I recently installed PeerGuardian2 and was noticing a few IP no’s in that range being blocked. PeerGuardian informs me they are being initiated by StarDock which is a desktop customizing tool. My weather tool was not updating with them blocked but works fine when unblocked. Not sure what to do now. I mean I have seen many negative or concerned comments from the formentioned IP range but no one in the StarDock community has mentioned any complaints that I know of.
Sietse Logger said,
April 5, 2008 @ 5:28 am
I have blocked the entire IP range yesterday, and suddenly my Snap plugin shows the message “IP banned” when I browse over links to entries I posted today. Does anyone else who posted here before me have a Snap plugin?
Helen Davies said,
April 10, 2008 @ 1:04 pm
This has got me worried folks! I am affraid to go out at night! Who are these PSI people and I feel like they are watching me from accross the street! I want to know how to protect myself?
Sietse Logger said,
April 11, 2008 @ 6:44 am
I have contacted snap.com over this, and they confirmed to me that the 38.98.x.y. range is their “Cogent pipe”, which they use for “crawling, and some serving”. Since I don’t mind the snap plugin working properly, I feel no need to maintain the block for my own pages. Snap is a site preview plugin that requires screenshots to be made for each page they crawl. So, that’s mostly what they are doing.
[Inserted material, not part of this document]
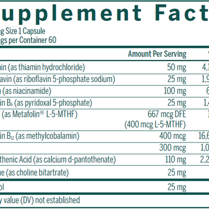 ACTIVE B Complex supports the formation of healthy red blood cells and macronutrient metabolism. Each capsule provides the entire B-vitamin family, including vitamins B1, B2, B3, pantothenic acid B6, biotin, folate, and B12. Active B Complex uses the preferred active forms of vitamins B2 (riboflavin-5-phosphate), B6 (pyridoxal-5-phosphate), folate (Metafolin), and B12 (methylcobalamin). Metafolin, a calcium salt of L-methylfolate, may be more bioavailable than folic acid. In one study involving healthy women supplemented with 400 mcg of either L-methylfolate or folic acid for 24 weeks, the women receiving the L-methylfolate supplement had higher red blood cell folate concentrations.

I have even noticed they go back to old pages, to take new snapshots.
Jeff said,
April 22, 2008 @ 1:34 pm
Yep, I to use it and just noticed these log entries since I re-enabled the snap plugin. I was also concerned, but thanks to this post, mystery solved!
Thanks Sietse Logger!
D.F. Duck said,
May 1, 2008 @ 4:46 pm
Do a google on “Performance Systems International” and you will learn they have a long history of web site abuse and mass content theft. Notice in your httpd logs that most of the search spiders in this Class A IP range don’t honor robots.txt, even ones that do indentify themselves like Gigablast. I deny the entire IP range from all my web sites and could care less about the few “good” search spiders that get blocked in the process. The benefits of not having my sites raped an pillaged far outweighs the benefits of allowing them.
Deny from 38.0.0.0/8
Pat said,
June 3, 2008 @ 6:13 pm
I sent a note to someone who has Aol. It came back read by Performance Systems International, Washington DC what does that mean?
Thanks
Heather said,
June 13, 2008 @ 2:56 pm
I’ve been trying to sort out a mess with e-newletter company Constant Contact. They are based in Waltham, MA, but lately I’ve received several emails from someone claiming to work there but the IP address of the emails is in Washington, DC not Waltham, MA. Yep, the imposter IP is registered to Performance Systems International. The emails asked me to call an 800 number that is not affiliated with Constant Constant. Of course, I did NOT call. I reported all of this to CC and they are looking into it.